As the browser downloads the page, give you readers something to see as soon as possible. People perceive time oddly: if they see incremental progress as the page downloads, the will often perceive this as loading much faster than a page that doesn’t show anything until it is 100% complete, even if the total download time is the same.

As browsers download a page, they will do their best to render the content as it comes in. But there are circumstances that make it difficult for the browser to do this.

Load CSS files at the top of the page — from within the head section. Browsers generally won’t render anything until the style sheet has been loaded, so as not to show a flash of unstyled content. The sooner the CSS is loaded, the better.

Conversely, it’s best to load JavaScript files at the bottom of the HTML — just before the closing body tag. When a browser rendering thread comes across a JavaScript source file that has not yet been downloaded and interpreted, it must pause rendering until the JS load is complete.
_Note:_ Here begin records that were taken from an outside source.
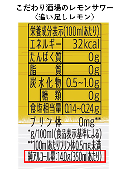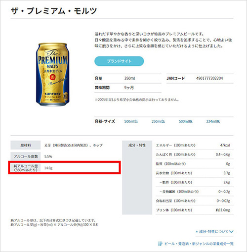 酒類製品に含まれるアルコール量をお客様に分かりやすくお伝えするため、国内で販売する主要な酒類製品に含まれる純アルコール量を、サントリーホームページで開示しています。また2022年2月以降、缶商品に1缶あたりの純アルコール量(g)を表示しています(対象商品は、国内製造の缶商品(ビール類、RTD、ワイン))。
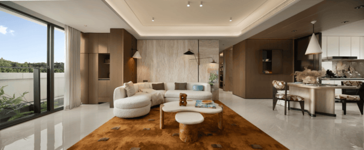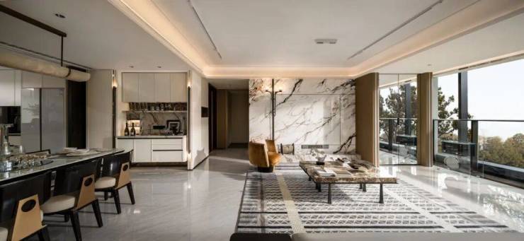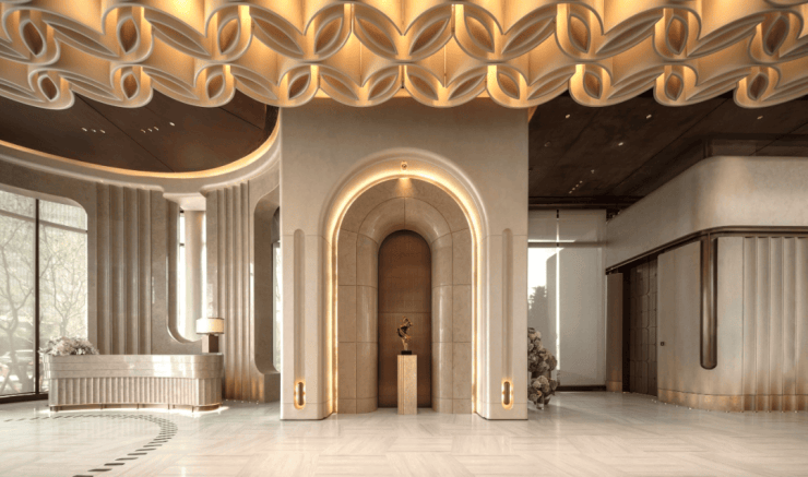 项目归家门庭采用石材,叠加铝板元素,构建出极具质感的空间和松弛氛围,令张江的归家仪式感焕然一新。
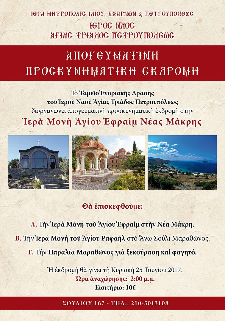 Το Ταμείο Ενοριακής Δράσης του Ι.Ν. Αγίας Τριάδος Πετρουπόλεως διοργανώνει απογευματινή προσκυνηματική εκδρομή στην Ι.Μ. Αγίου Εφραίμ Νέας Μάκρης.

This is because JavaScript files may execute the document.write command, which inserts HTML at the source file’s position.

It’s far better to construct user interface JavaScript that can run once the page HTML has been delivered and rendered, and then the JS can make the appropriate changes to the page DOM. This also has a useful benefit in helping to keep the semantic HTML separate from the UI logic. Note that browsers tend to load JS in priority to images, so even if the JS is at the bottom of the page, it will be loaded in priority to images higher up in the source.

As a rule, don’t use document.write: it stalls the browser renderer until all JavaScript has been downloaded and evaluated, and generally benchmarks much lower than DOM HTML manipulation. Particularly don’t use an inline <script> tag with an external source to fetch ads: rendering will completely stall for each ad until the ad server can return the JavaScript (and this gets even worse when less reliable third party ad servers are used). This makes your page very reliant on the ad server: if it is slow or not available, your page will be collateral damage. Rather, load ads via iframes, and insert the iframe code itself at the end of the page with JavaScript: this gets them loaded asynchronously to the page.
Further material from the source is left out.